Quanto a sua vida profissional no DAEE, comenta que admitido em 1961, entrou fazendo serviços de servente, atuando nas obras com, por exemplo, na Barragem de Pindamonhangaba: Santa Maria e Caninhas fazia concreto para a estrutura. Nesta época descarregavam 02 caminhões de cimento por dia, o trabalho era pesado e duro.

Após 06 anos neste trabalho, foi transferido para o almoxarifado, onde atuou por 12 anos e depois para a gráfica que estava começando em Taubaté.

Neste período esta gráfica era responsável por fazer todo serviço gráfico do DAEE: todo tipo de formulário, impressos, envelopes com timbres, etc. sendo tudo feito lá e distribuído às outras unidades. O Responsável pela área Senhor Valdir – um ótimo gráfico.

Quando foi transferido pra área, detestava o trabalho, pois as mãos ficavam sujas, manchadas. Depois pegou o jeito e passou a gostar do oficio.

Havia muita gente trabalhando na gráfica (não sabe precisar quantos), mas vimos pela área onde ela estava instalada no térreo da unidade, e vimos que realmente era uma área enorme. Ele aprendeu a fazer todo o serviço de gráfica, regulava, passava tinta, cortava. Havia ainda varias máquinas para o trabalho: para corte do papel, pra impressão, para o acabamento.
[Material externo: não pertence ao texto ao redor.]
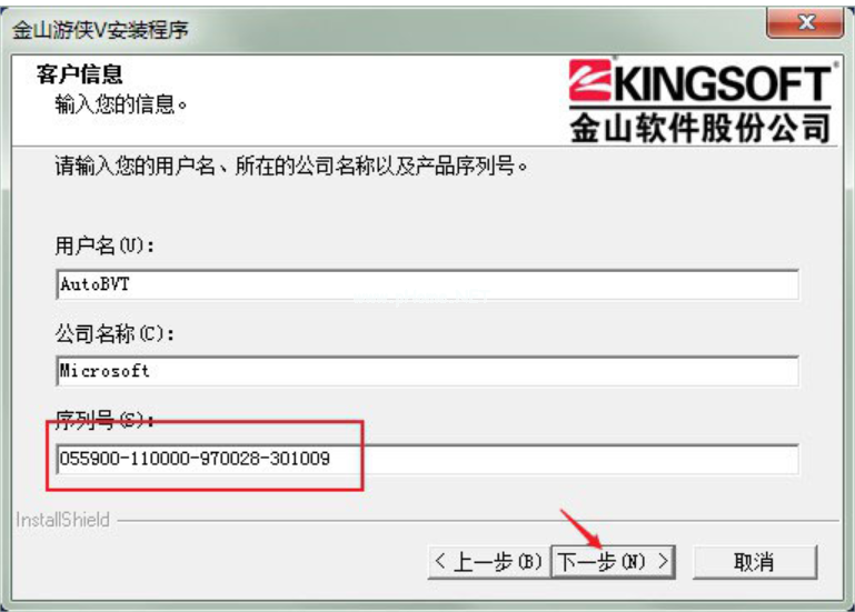 3、依提示進(jìn)行下一步,輸入安裝序列號(hào):055900-110000-970028-301009。
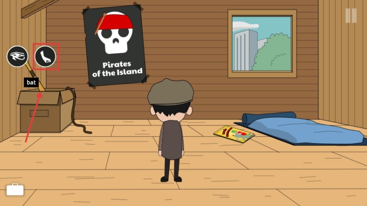 3、回到房间后,我们点击带有手形图标的按钮,去拿取箱子里的【bat】,为后续复仇做准备。

Não havia na cidade de Taubaté gráfica tão profissional quanto à do DAEE, diz ele.

O DAEE nesta época era uma potencia, tinha em torno de 5000 servidores, só na BPB em torno de 2000, segundo ele, e o trabalho ia a todo vapor.

Porém com o passar do tempo, e a diminuição do número de servidores e outros problemas, a gráfica foi fechada e ele transferido para mecânica, até o período em que se aposentou, não porque queria, mas por ser servidor efetivo, não via vantagens em permanecer, pois não havia muito como crescer profissionalmente.

Sr. Alziro fez um bom trabalho no DAEE, deixa um filho servidor que continua sua trajetória na BPB – Taubaté como motorista e hoje pelo jeito continua efetuando o mesmo bom trabalho no seu sítio. Boa sorte e sucesso nesta nova empreitada.